- _Work instructions_: For the data that follows, print the line with "Bamboo Baby Boy/Girl", the line with "首先,您需要在360官方网站", and all lines between them, exactly as they stand. Omit pictures and add nothing.

- _Record excerpts_:
********
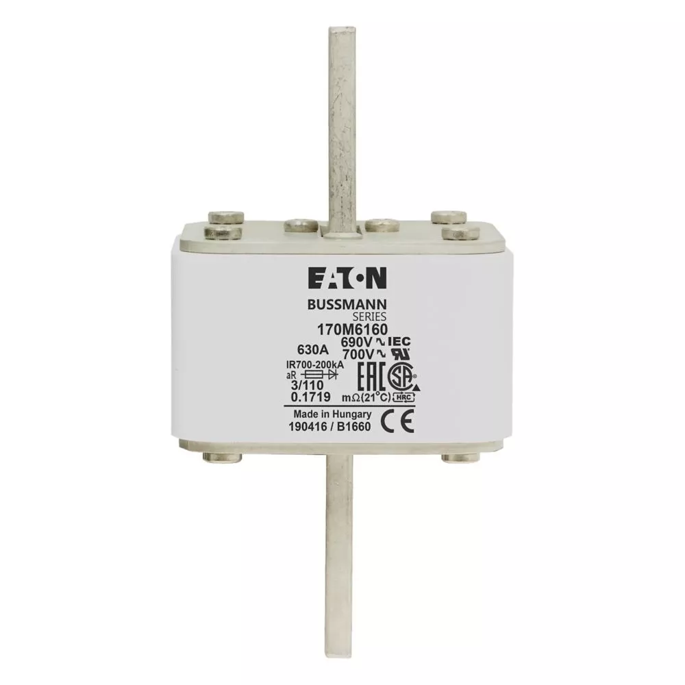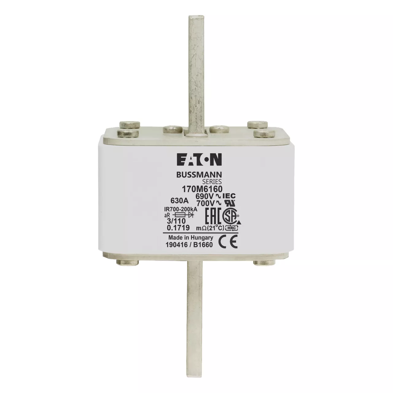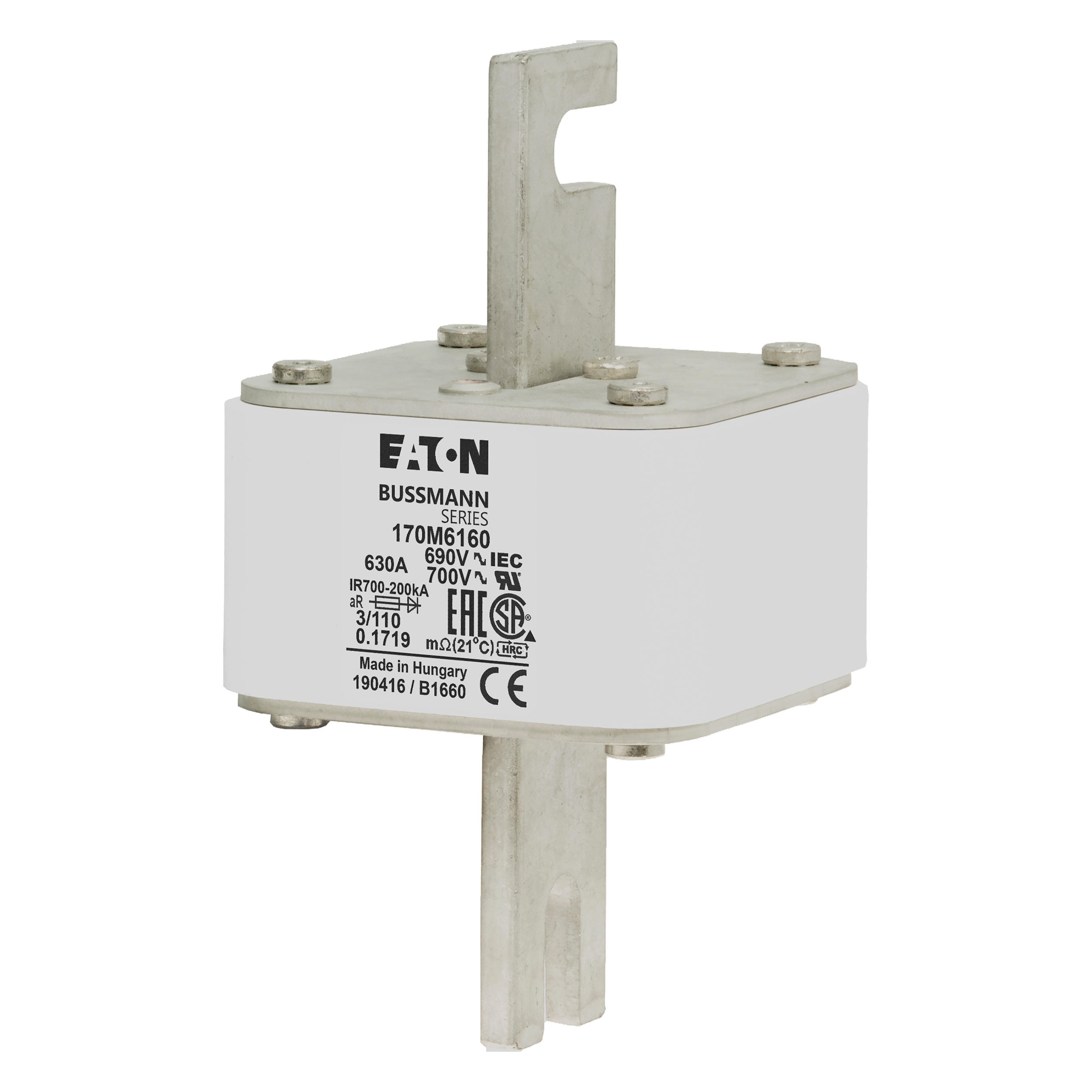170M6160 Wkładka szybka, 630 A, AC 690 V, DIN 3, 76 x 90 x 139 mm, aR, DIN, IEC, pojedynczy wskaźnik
********
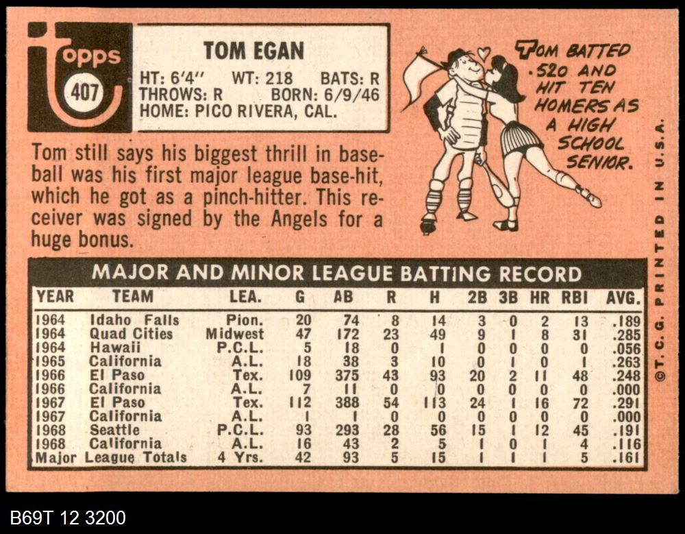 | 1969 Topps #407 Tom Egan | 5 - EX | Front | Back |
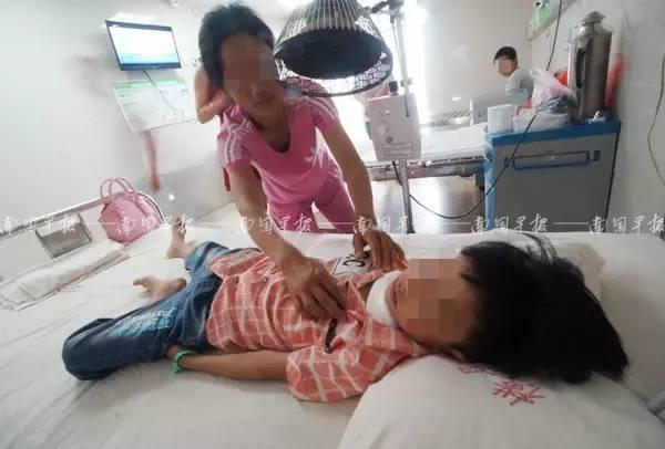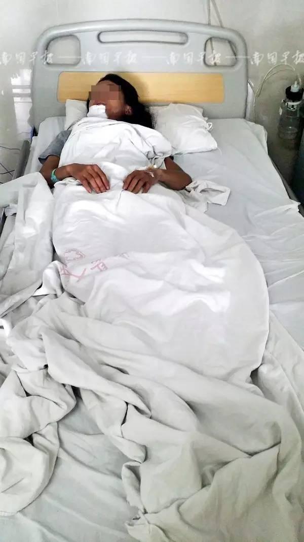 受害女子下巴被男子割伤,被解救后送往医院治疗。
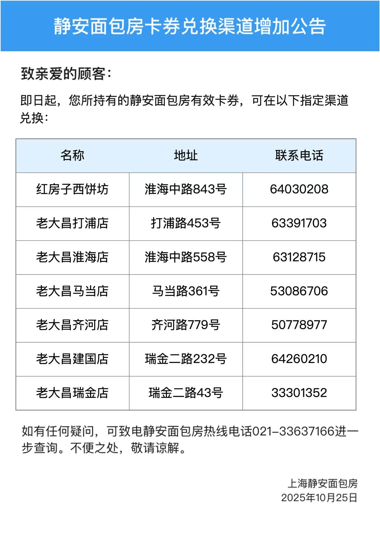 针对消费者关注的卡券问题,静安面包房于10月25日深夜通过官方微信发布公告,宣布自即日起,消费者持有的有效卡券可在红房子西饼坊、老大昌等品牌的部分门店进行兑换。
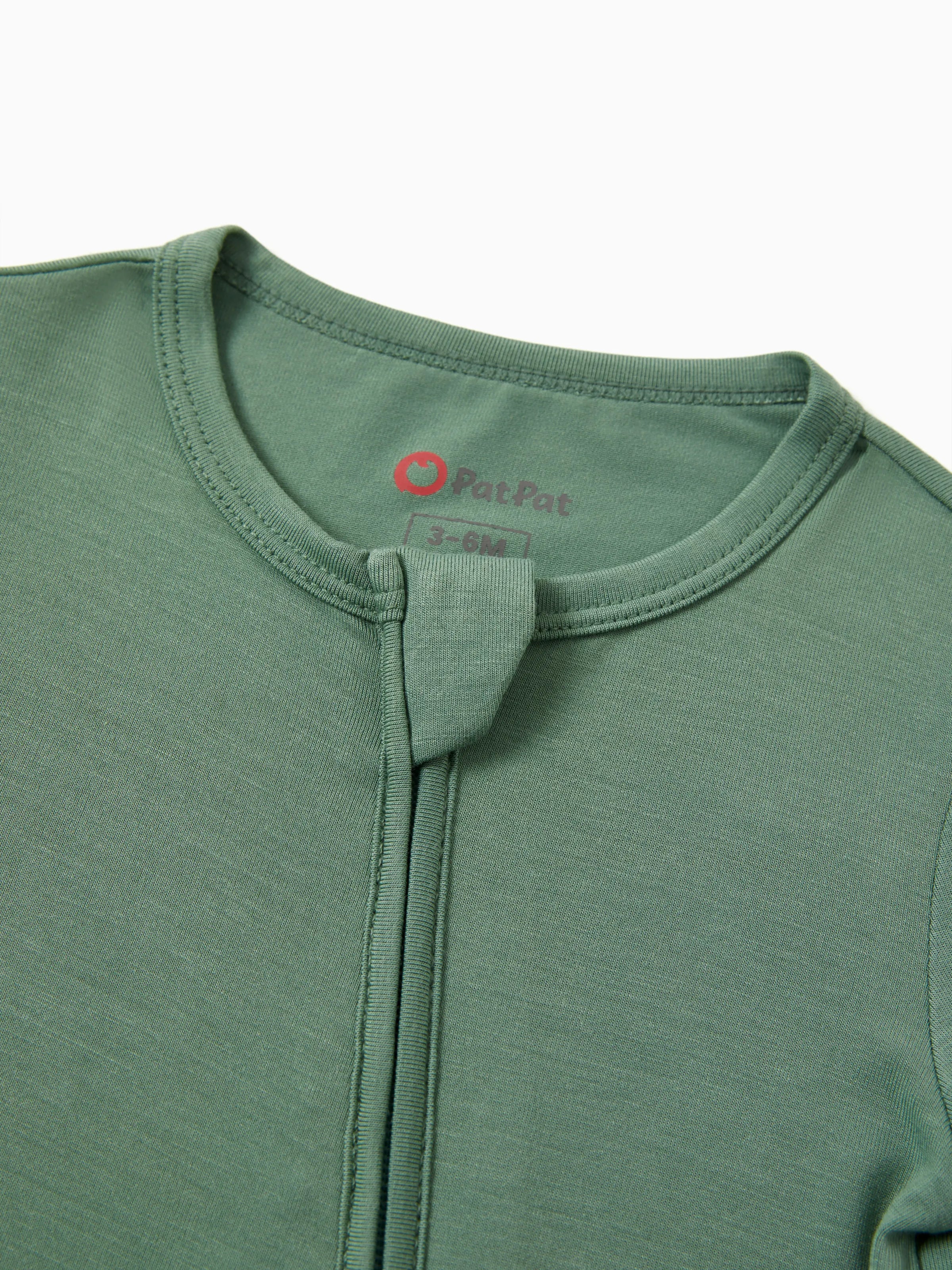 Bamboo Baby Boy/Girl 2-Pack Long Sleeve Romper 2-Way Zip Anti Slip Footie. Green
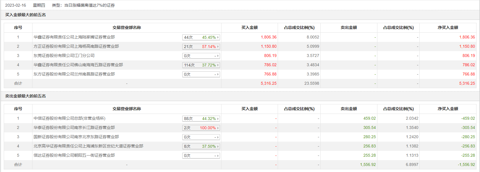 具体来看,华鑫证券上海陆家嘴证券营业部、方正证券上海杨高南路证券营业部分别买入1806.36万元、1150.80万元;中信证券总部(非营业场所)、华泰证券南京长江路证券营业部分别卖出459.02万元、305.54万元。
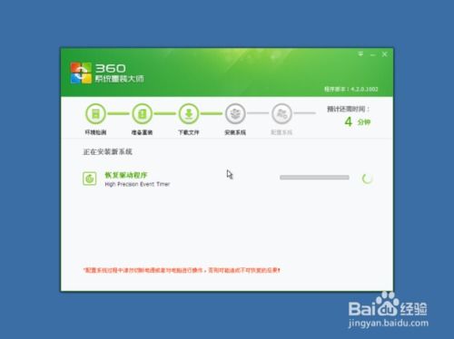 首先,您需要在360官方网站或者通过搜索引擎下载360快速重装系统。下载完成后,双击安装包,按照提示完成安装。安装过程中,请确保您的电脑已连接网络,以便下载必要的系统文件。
********
- _Completed exercise_:
 Bamboo Baby Boy/Girl 2-Pack Long Sleeve Romper 2-Way Zip Anti Slip Footie. Green
 具体来看,华鑫证券上海陆家嘴证券营业部、方正证券上海杨高南路证券营业部分别买入1806.36万元、1150.80万元;中信证券总部(非营业场所)、华泰证券南京长江路证券营业部分别卖出459.02万元、305.54万元。
 首先,您需要在360官方网站或者通过搜索引擎下载360快速重装系统。下载完成后,双击安装包,按照提示完成安装。安装过程中,请确保您的电脑已连接网络,以便下载必要的系统文件。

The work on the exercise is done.